Het is belangrijk om te begrijpen dat er verschillende soorten diabetes. De twee belangrijkste vormen zijn type 1 en type 2. Het is ook belangrijk om de fundamentele verschillen tussen de twee vormen te begrijpen
Type 1:. De leeftijd van begin is meestal voor de leeftijd van twintig
<. p> Type 2:. Het type 2 strikes rond de leeftijd van 40-45
Tip 1: Deze diabetes optreedt als gevolg van een auto-immuunreactie. Gewoonlijk gaat het immuunsysteem niet optreden tegen het gastheerorganisme.

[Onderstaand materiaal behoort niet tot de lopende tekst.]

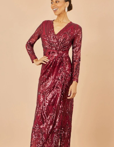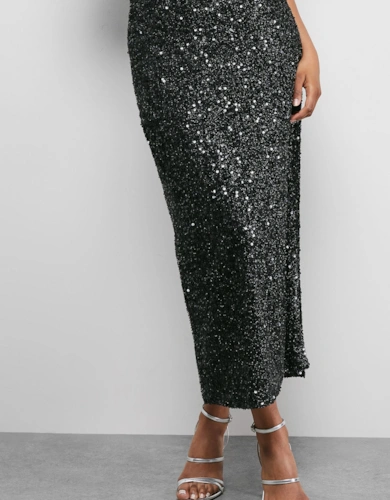 Sequin Embellished Off Shoulder Midi Wedding Guest Dress
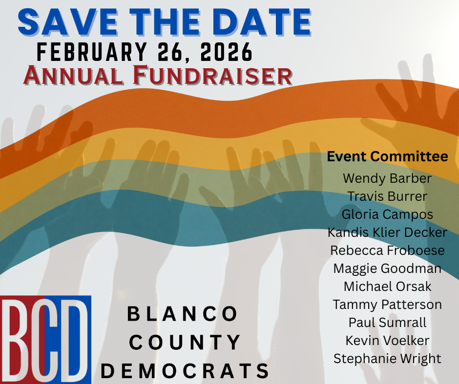 - Feb 26 / Blanco County Democrats Annual Fundraiser

Af en toe, als gevolg van onverklaarbare redenen, het immuunsysteem zich tegen zichzelf, met rampzalige gevolgen
Type 2:. Deze vorm is meestal genetische oorsprong. Als één van de ouders is diabetes, de nakomelingen heeft een vijftig procent kans op het verwerven van diabetes. Uiteraard is er ook een vijftig procent kans om te ontsnappen aan diabetes. Als beide ouders diabetes, dan is er een bijna zekerheid van de nakomelingen krijgen van diabetes
Type 1:.. Het is een ernstige ziekte vanaf het begin
Type 2: Het is relatief mild .
, vooral in de beginfase
Tip 1: Insuline is nagenoeg afwezig
Type 2:.. Insuline gebrekkig en nooit geheel afwezig
Type 1: chronische complicaties waarschijnlijker. Dit komt omdat deze mensen moeten leven met de ziekte gedurende meerdere decennia
Type 2:. Chronische ziekten zijn minder kans als de duur van de ziekte niet laatste decennia
Type 1.: Insuline is de enige optie voor de behandeling
Type 2:.. Het type 2 diabetes kunnen worden behandeld met orale bloedglucoseverlagende middelen
Typ.
1: Kan niet worden behandeld door de voeding manipulatie alleen
< p> Type 2:. In de beginfase, kan diabetes type 2 worden gecontroleerd door middel van de voeding manipulatie en oefening
Type 1: Deze mensen hebben de neiging om mager te zijn
Type 2:. Type 2 diabetes overgewicht of obesitas
Type 1:.. Ketosis is waarschijnlijk
Type 2:. Ketosis is zeldzaam
Dit zijn enkele van de belangrijkste verschillen. Er zijn andere kleine verschillen. Er zijn gemeenschappelijke kenmerken van beide typen. Beide tonen verminderde glucosetolerantie.
Beide tonen verhoogde bloedsuikerspiegel. Beide tonen de aanwezigheid van glucose in de urine. Beide hebben een verhoogd risico op het ontwikkelen van de coronaire hartziekten.